In the material below, write out each line word for word and omit the pictures.

**INFORMATION SHOWN**

# # # #

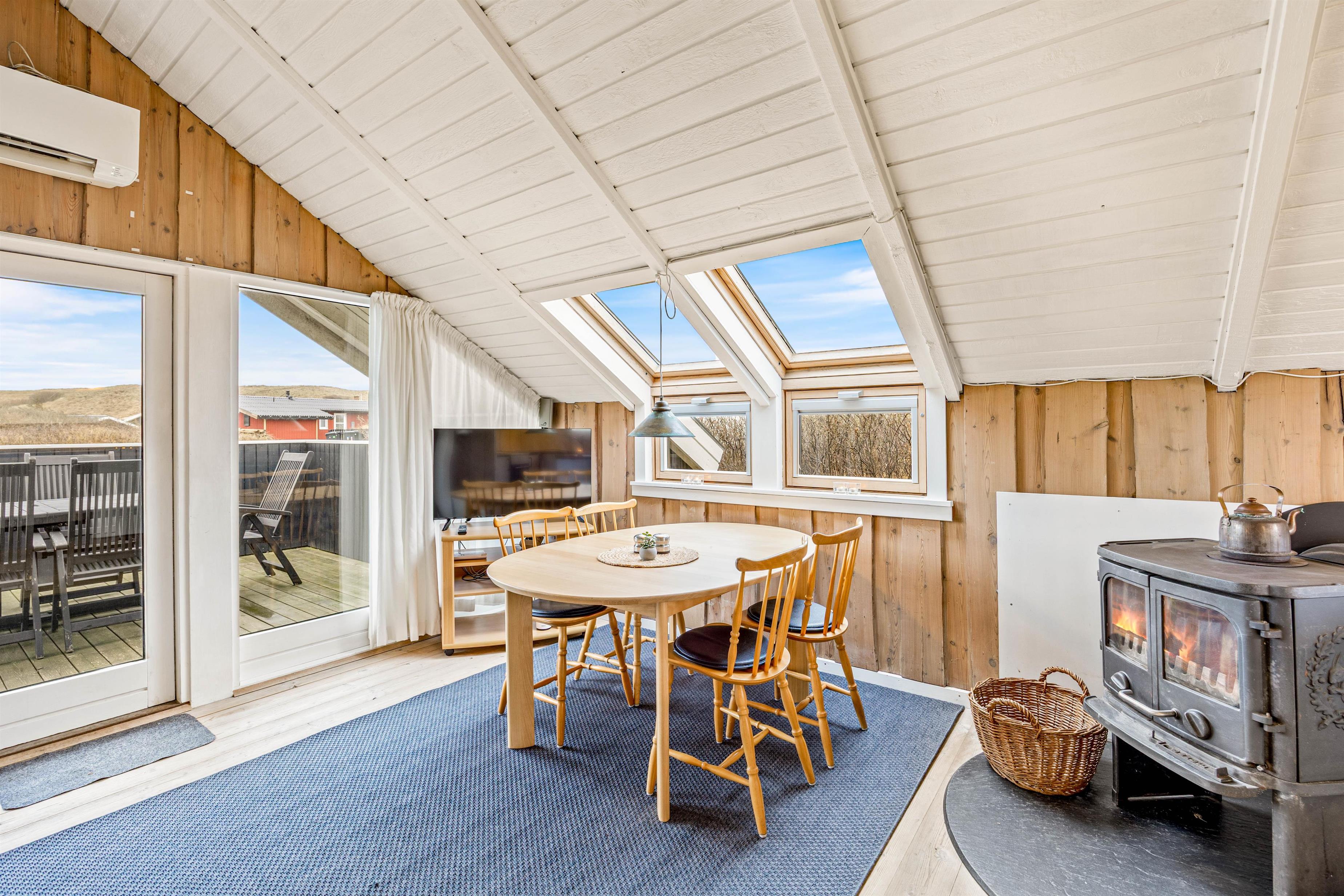 I stuen kan I virkelig mærke hyggen, når I afslutter dagen ved brændeovnen, der spreder en behagelig varme på de kølige aftener, mens den energibesparende varmepumpe sørger for et behageligt indeklima året rundt.
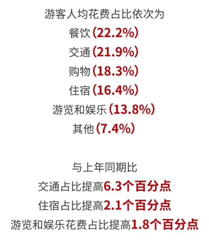 从消费来看,游客人均花费占比依次为餐饮(22.2%)、交通(21.9%)、购物(18.3%)、住宿(16.4%)、游览和娱乐(13.8%)。与上年同期比,交通、住宿、游览和娱乐花费占比分别提高6.3、2.1和1.8个百分点。
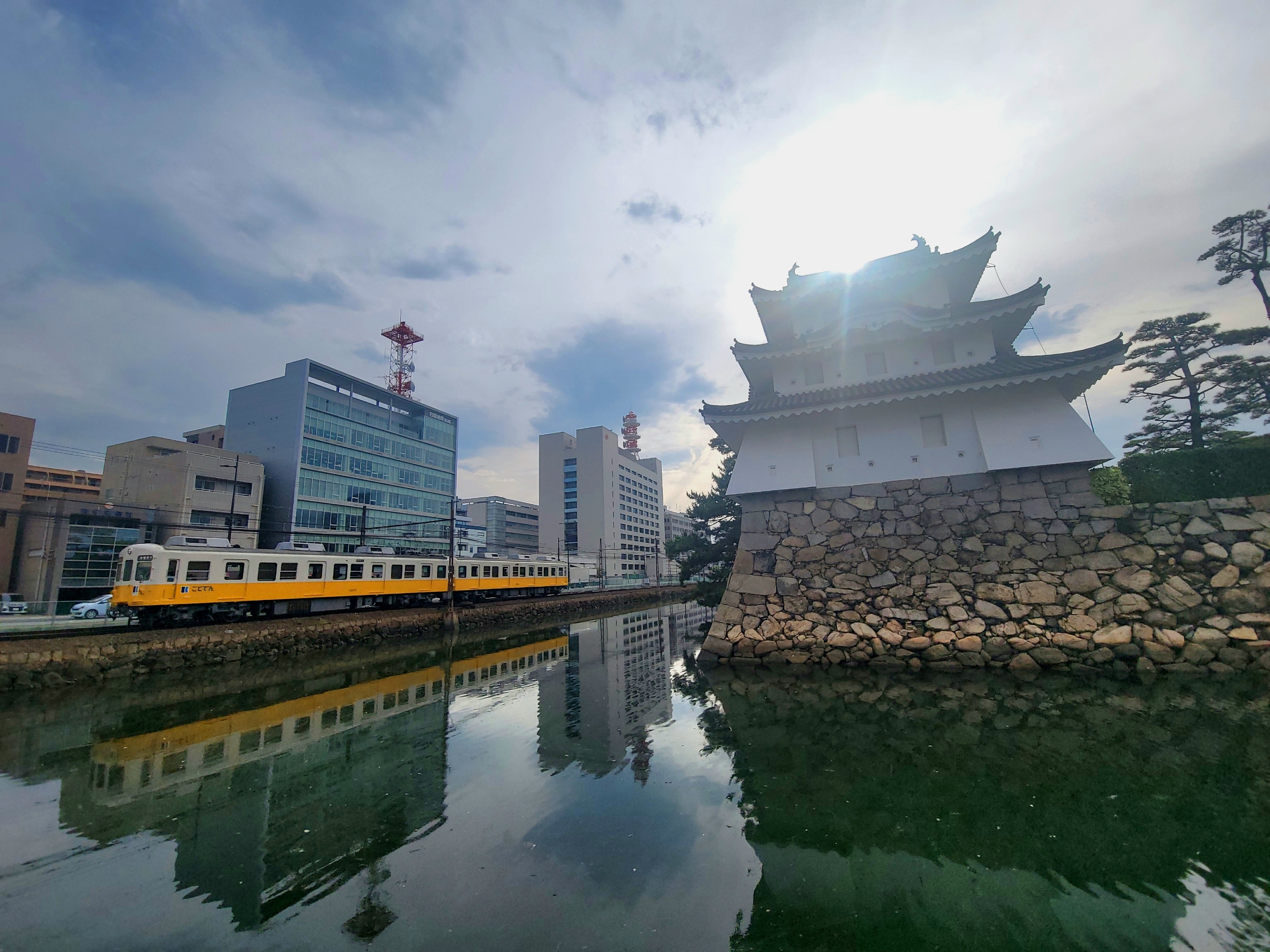 高松城の堀沿いを走る琴平電鉄。城のすぐ脇にある高松築港駅を出ると、列車は堀の縁をなぞるように進み、水面にその姿を映しながら中心地の瓦町へ向かっていく。

# # # #

**RESULT OF THE TASK**
 I stuen kan I virkelig mærke hyggen, når I afslutter dagen ved brændeovnen, der spreder en behagelig varme på de kølige aftener, mens den energibesparende varmepumpe sørger for et behageligt indeklima året rundt.
 从消费来看,游客人均花费占比依次为餐饮(22.2%)、交通(21.9%)、购物(18.3%)、住宿(16.4%)、游览和娱乐(13.8%)。与上年同期比,交通、住宿、游览和娱乐花费占比分别提高6.3、2.1和1.8个百分点。
 高松城の堀沿いを走る琴平電鉄。城のすぐ脇にある高松築港駅を出ると、列車は堀の縁をなぞるように進み、水面にその姿を映しながら中心地の瓦町へ向かっていく。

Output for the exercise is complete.